# intake question



## landlord (Jun 11, 2002)

for lack of a better place to put this, i put it here. my question is i have never seen an intake manifold that was tuned, (im not sure how to discribe this bare with me) kinda like a header in reverse for an intake manifold. it seems to me that all the manifolds i see are ristrictive in that the air has to make at least one sharp 90 degree bend to make it to the intake port. wouldnt the intake benifit from equal length pipes from the throttle body to the valve? not to mention the diamiter and length could be changed for tuning purposes? this would also be great for nitrous applications that are not direct port, so nitrous gets distributed evenly amoung the cylinders. i was thinking of hotshots turbo manifod from a pic i seen from the inside where all the pipes come together nicely and thought why not for an intake too?

just a question and maybe a stupid one but i would love to hear your input.


----------



## rios (Jun 10, 2002)

there are high performance intake manis out there made by venom and skunk2, but those qare for hondas mostly. you could always extrude hone your intake manifold to get better flow.


----------



## landlord (Jun 11, 2002)

rios said:


> *there are high performance intake manis out there made by venom and skunk2, but those qare for hondas mostly. you could always extrude hone your intake manifold to get better flow. *


but i dont think they have perfect flow. even the high performance intake manifolds consist of a box with four tubes conecting to it. in them all the air has to make a sharp 90 degree turn. not to mention cylinder one air has to travel farther than cylinder 4, wouldnt this make potenial horse power for the cylinders diffrent? i mean hotshots cold air intake has a tuned length for optimum power, but if the length is different from cylinder to cylinder, one's making more than another, if the length was the same they could all intake about the same amount of air, they'd all be tuned the same, thus the cylinders making less power would now be making more.

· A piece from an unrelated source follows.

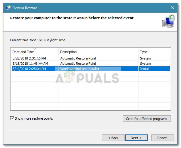 - Next, pick a restore point dated before you started experiencing problems with Windows Defender and hit the Next button yet again.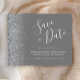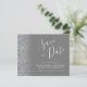Este elegante orçamento salve a data card apresenta uma borda cintilante prateada. O texto personalizável combina o script de escrita manual de cinzas prateadas, fontes copperplate e itálico em um fundo de cinza. O verso apresenta uma cinza e uma design prateada correspondentes.

i think i just confused myself lol.


----------



## cargeec 99xe (May 10, 2002)

My mom's 1.8l 1999 Corolla has an intake as you describe. Instead of the four pipes coming out of the "box", there is one big pipe that splits into 4 smaller pipes, which looks like a 4-1 header in reverse. (leaving me intensly jealous, not to mention it had more power than my stock ride. But now, my ride kicks the Corolla's but even with its shnazzy intake  ) I do think it would be better for airflow. Why don't you have someone custom make one for you? You could also add a spinning rotor that would deflect all the air into the appropriate pipe for maximum efficiency!


----------



## landlord (Jun 11, 2002)

cargeec 99xe said:


> *My mom's 1.8l 1999 Corolla has an intake as you describe. Instead of the four pipes coming out of the "box", there is one big pipe that splits into 4 smaller pipes, which looks like a 4-1 header in reverse. (leaving me intensly jealous, not to mention it had more power than my stock ride. But now, my ride kicks the Corolla's but even with its shnazzy intake  ) I do think it would be better for airflow. Why don't you have someone custom make one for you? You could also add a spinning rotor that would deflect all the air into the appropriate pipe for maximum efficiency! *


so it has been done, i figure it could net about 5hp. i'm not sure about the spinning rotor though. if i had a place to work (damn apartment, maybe once i get this car paid off) and a welder i would fab some, myself.


----------



## azkicker0027 (May 31, 2002)

spinning rotor similar to the bmw 745 engine with the variable length runners in the intake manifold? but isn't it more beneficial to have long runners in the intake of the ga16 which attribute to it's good take off and low end punch??? and the honda's have the option of the short intake runners for high rpm power......wherein they make more use of it with that vtec kicking in at that range.....


----------